BMI treats a powerlifter and a couch potato of the same weight as identical. The Fat-Free Mass Index fixes that by dividing lean body mass (not total mass) by height squared. The formula is FFMI = (weight · (1 − %fat/100)) / height², weight in kg and height in m. Take someone at 80 kg, 15% fat, 1.78 m: that's 68 kg of lean mass and an FFMI near 21.5. For men, roughly 18 reads as sedentary, 19–22 as trained, 22–24 as advanced natural, and about 25 marks the practical ceiling for drug-free lifters under the Casey Butt model. Once you see 25.5 or higher, anabolic use becomes the likely explanation. Women sit around 3 points lower, with 14–17 counting as natural and 18–20 as advanced. It's the number people reach for in the "natty or not" debate and when tracking a body recomposition.

Applications

Sports nutritionists and physique coaches lean on it, as does anti-doping reasoning in bodybuilding. Geriatrics uses it to screen for sarcopenia, where a low FFMI predicts mortality better than a low BMI does. You'll also find it in eating-disorder rehabilitation tracking and in anthropometric research.

FAQ

How do I know my body-fat percentage? A DEXA scan is the gold standard. Bioimpedance scales and skinfold calipers are easier to get hold of but less accurate, and an error of ±3% feeds straight through into your FFMI.

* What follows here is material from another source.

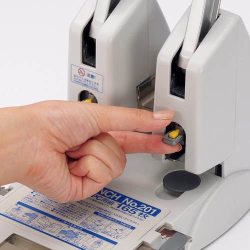 商品仕様 | ●色/グレー ●穴あけ枚数/110枚 ●穴数/2穴 ●穴間隔/80mm ●穴径/6mm ●穴奥行/9mm ●ゲージ対応サイズ/A3ヨコ~A5タテ、B4タテ~B6タテ ●交換ロット刃/200-03 ●交換用刃受け/200-05 ●寸法/W190×D250×H158mm ●重量/2300g ●その他仕様/●パイプ錐 ●フリータイプセンター割出しゲージ付 ●A4用紙4穴対応(888表示) ●備考/※穴あけ枚数:64g/平方メートルのPPC用紙を使用した場合。 |
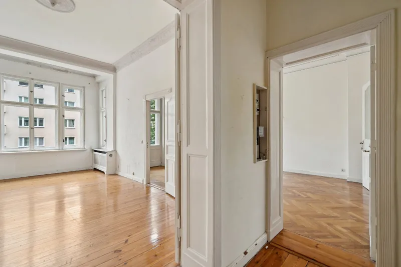Diese elegante 5-Zimmer-Altbauwohnung in der Uhlandstraße vereint zeitlose Berliner Architektur mit großzügigem Wohnkomfort und klassischem Stil. Im 2. Obergeschoss eines prachtvollen Altbaus gelegen, bietet die Wohnung auf ca. 125m² ein beeindruckendes Raumgefühl mit über 3 Meter hohen Decken, kunstvollem Stuck und edlem Parkett. Der Westbalkon lädt in den Nachmittagsstunden zum Entspannen in der Sonne ein und eröffnet den Blick auf die charmante Umgebung. Ein Aufzug sorgt für zusätzlichen Komfort in diesem stilvollen Gründerzeithaus. Die derzeitige Aufteilung umfasst vier großzügige Zimmer und bietet mit wenig Aufwand die Möglichkeit, durch die Schaffung einer offenen Wohnküche eine repräsentative 5-Zimmer-Wohnung zu gestalten – ideal für Familien, Homeoffice oder anspruchsvolles Wohnen mit viel Raum zur Entfaltung. Ein repräsentativer Altbau, hohe Decken, edle Materialien und das unverwechselbare Flair der Uhlandstraße in Berlin-Charlottenburg – diese Wohnung verbindet klassische Schönheit mit modernem Wohngefühl auf höchstem Niveau. Ein besonderes Highlight ist die angrenzende, derzeit ebenfalls verfügbare Nachbarwohnung, die bei Bedarf verbunden werden kann. So lässt sich die Wohnfläche auf beeindruckende ca. 291 m² erweitern – eine seltene Gelegenheit, eine der größten und schönsten Altbauwohnungen in dieser begehrten Lage von Berlin-Charlottenburg zu schaffen.

Is there a normalized FFMI? There is. Kouri's adjustment tacks on 6.1·(1.8 − h) so you can compare people of different heights, since taller lifters tend to carry a bit less relative lean mass.

Can FFMI exceed 25 naturally? A few documented cases do exist, mostly genetic outliers and elite strength athletes. But when you survey drug-tested competitors, FFMI rarely climbs past 25, which is where the "natty ceiling" rule of thumb comes from.